Schematic diagram of a test room. Size of the test room was as follows: volume 87 m3, width 5.5 m×length 6.1 m×height 2.6 m. Paper discs with bacterium were placed on the ceiling (No. 1, 2), walls (No. 4, 5) and floor (No. 7, 8). Biological indicators were placed on the ceiling (No.1, 2, 3), walls (No. 4, 5, 6), floor (No. 7, 8, 9), and in a covered plastic petri dish on the lab bench (No.10). Two tube lines for air sampling were placed at the wall close to the entry door.
Colony forming unit determination
After 24 h of treatment with gas, control (non-exposed) and gas-exposed paper discs were transferred into a 15-ml sterile tube containing 10 ml PBS and vortexed for 1 min. Following extraction, 10-fold dilutions were performed as needed, and 0.1 ml of each dilution was inoculated onto two kinds of selective agar: desoxycholate-hydrogen sulfite-lactose agar (Eiken Chemical Co., Ltd., Tokyo, Japan) for E. coli and X-SA agar (Nissui Pharmaceutical Co., Ltd., Tokyo, Japan) for S. aureus. Following incubation at 37°C for 24 h, the number of colonies was counted, and the viable cell counts on the plates were determined as CFU/disc. Log reduction in viable organisms exposed to ClO2 gas was assessed through comparison with the serial dilution plate counts of the non-exposed control organisms. Samples with 0 CFU on plates were assigned a value of 1 CFU in order to obtain a log value of 0.
Statistics
All data are expressed as mean values ± SD. Statistical analyses were performed by using EXSAS version 7. 6 (Arm, Osaka, Japan) which is based on SAS release 9.1.3 (SAS Institute, Tokyo, Japan). The antibacterial effects of ClO2 gas were analyzed by Student’s t tests. Differences yielding a P value less than 0.05 were considered statistically significant.
Results
Generation of ClO2 gas in a test chamber
We first evaluated the changes in the gas concentrations generated by different ratios of 3.35% sodium chlorite solution (4.0 ml/m3) to 85% phosphoric acid.

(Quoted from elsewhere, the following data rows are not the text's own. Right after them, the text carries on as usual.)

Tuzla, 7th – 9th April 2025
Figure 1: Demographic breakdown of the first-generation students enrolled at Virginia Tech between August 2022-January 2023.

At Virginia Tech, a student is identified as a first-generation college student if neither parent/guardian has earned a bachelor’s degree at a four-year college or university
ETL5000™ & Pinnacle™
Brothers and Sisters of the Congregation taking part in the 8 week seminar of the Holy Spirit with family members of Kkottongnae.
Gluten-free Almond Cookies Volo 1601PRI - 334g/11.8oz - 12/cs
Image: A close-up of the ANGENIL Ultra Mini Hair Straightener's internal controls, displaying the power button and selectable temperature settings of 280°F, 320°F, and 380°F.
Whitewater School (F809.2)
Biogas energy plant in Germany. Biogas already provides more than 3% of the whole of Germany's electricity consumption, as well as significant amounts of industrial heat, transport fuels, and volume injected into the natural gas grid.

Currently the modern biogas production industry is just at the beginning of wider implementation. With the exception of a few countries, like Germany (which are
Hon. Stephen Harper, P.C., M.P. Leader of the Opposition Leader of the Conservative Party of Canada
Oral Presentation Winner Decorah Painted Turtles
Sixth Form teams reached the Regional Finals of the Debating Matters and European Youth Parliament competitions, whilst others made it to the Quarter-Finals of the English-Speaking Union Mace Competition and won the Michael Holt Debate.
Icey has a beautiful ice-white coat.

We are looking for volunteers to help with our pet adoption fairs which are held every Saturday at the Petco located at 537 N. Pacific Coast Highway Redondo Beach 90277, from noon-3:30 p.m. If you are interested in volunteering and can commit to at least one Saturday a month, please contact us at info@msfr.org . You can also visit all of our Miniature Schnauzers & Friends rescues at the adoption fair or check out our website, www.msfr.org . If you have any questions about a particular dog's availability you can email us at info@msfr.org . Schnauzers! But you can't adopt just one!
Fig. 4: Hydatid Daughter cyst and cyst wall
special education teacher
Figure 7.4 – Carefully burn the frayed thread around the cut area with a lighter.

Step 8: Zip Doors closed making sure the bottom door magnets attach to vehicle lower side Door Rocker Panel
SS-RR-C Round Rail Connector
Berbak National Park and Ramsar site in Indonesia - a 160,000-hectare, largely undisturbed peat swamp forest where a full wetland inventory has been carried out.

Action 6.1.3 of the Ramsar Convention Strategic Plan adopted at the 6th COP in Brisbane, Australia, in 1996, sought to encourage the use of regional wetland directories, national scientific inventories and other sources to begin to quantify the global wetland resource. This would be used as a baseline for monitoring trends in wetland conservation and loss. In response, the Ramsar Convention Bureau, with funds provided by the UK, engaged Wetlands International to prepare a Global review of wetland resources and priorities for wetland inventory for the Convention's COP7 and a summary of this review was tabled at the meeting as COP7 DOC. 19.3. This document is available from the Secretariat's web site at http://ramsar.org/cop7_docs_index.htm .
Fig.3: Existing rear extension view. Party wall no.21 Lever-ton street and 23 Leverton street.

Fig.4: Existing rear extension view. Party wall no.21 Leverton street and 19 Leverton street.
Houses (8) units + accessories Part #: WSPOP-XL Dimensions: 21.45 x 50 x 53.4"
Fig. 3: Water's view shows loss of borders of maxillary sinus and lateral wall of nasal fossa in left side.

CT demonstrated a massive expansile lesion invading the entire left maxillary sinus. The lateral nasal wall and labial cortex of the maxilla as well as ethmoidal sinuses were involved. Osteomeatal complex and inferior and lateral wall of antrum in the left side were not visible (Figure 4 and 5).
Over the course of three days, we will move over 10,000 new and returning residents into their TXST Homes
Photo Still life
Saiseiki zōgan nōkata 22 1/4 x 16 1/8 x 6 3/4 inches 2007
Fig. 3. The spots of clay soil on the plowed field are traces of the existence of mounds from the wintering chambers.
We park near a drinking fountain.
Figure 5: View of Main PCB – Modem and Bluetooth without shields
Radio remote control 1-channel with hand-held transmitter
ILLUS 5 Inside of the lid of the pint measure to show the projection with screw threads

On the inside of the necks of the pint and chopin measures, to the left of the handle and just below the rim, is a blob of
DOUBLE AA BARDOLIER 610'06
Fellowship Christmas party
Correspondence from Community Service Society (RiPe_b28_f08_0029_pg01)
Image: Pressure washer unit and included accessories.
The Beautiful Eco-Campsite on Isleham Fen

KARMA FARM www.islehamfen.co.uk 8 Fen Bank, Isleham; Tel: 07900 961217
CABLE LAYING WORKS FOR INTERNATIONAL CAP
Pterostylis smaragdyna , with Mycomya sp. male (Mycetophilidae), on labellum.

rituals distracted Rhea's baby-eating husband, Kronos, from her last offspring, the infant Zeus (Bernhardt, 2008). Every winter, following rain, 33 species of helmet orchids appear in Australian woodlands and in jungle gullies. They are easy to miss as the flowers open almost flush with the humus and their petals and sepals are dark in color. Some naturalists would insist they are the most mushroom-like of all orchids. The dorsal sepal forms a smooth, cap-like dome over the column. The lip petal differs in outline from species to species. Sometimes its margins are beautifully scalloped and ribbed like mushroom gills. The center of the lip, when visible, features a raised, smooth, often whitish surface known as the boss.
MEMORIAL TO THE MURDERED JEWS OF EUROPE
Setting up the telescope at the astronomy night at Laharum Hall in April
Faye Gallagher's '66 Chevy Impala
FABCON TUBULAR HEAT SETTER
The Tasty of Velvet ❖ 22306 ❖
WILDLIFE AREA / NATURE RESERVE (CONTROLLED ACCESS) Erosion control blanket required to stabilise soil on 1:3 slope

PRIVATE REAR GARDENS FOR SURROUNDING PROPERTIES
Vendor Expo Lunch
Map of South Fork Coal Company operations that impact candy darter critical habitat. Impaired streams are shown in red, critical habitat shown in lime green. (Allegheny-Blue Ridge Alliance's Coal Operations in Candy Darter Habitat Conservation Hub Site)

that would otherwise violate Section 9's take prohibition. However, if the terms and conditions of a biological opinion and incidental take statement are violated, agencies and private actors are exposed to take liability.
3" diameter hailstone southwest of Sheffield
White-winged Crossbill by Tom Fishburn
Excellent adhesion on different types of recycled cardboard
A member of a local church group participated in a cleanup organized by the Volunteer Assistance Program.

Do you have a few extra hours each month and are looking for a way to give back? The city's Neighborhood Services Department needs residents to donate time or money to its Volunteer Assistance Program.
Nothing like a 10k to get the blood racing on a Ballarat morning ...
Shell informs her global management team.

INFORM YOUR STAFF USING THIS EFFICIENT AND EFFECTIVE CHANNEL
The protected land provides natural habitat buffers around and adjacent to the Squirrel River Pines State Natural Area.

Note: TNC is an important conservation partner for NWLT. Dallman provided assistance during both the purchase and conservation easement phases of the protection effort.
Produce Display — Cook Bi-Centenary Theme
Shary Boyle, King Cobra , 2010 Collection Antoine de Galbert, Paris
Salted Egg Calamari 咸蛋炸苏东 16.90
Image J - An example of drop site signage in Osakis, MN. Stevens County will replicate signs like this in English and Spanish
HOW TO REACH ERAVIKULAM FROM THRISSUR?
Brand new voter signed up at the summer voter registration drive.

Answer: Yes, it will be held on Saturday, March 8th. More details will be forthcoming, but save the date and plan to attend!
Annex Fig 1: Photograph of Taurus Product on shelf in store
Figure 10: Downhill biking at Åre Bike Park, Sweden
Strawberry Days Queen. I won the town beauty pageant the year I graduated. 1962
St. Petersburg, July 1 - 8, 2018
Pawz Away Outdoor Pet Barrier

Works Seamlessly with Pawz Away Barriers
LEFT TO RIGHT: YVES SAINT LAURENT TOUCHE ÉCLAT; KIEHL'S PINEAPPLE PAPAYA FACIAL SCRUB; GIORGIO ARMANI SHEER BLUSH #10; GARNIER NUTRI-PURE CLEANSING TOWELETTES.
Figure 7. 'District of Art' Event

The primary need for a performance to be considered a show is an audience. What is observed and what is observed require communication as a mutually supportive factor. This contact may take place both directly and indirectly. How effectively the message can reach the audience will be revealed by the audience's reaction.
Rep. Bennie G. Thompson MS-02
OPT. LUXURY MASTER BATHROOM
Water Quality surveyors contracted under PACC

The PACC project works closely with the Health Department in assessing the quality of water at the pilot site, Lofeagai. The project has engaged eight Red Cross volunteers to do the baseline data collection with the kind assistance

When mixed at a 2:1 volume ratio, ClO2 gas levels increased rapidly and reached maximum levels within 15 min, while a mixture at a 50:1 volume ratio exhibited a slow increase in gas levels (Fig. 2A). In the case of a 10:1 volume ratio, gas levels peaked at 30 min after gas generation, and then decreased thereafter (Fig. 2A). The ratio of 10:1 was chosen for further evaluation because it was found to be a ratio neither too fast nor too slow for gas generation.
Fig. 2.
Generation of ClO2 gas in a 14-l chamber. ClO2 gas was generated by mixing 3.35% sodium chlorite solution and 85% phosphoric acid. (A) Gas generation at three different volume ratios. The mixtures at 2:1, 10:1 and 50:1 volume ratios were prepared by mixing 4 ml/m3(actual amount: 56 µl) of sodium chlorite solution and phosphoric acid (actual amounts were 28, 5.6 and 1.1 µl, respectively). (B) The dependency of gas concentrations on sodium chlorite solution volume. Sodium chlorite solution and phosphoric acid were mixed at a 10:1 ratio, and the mixture was used at various volumes of sodium chlorite ranged from 0.5 ml/m3 to 4.0 ml/m3(actual amounts: 7.0 µl to 56 µl). Three independent experiments were performed, and data represent mean ± SD (n=3).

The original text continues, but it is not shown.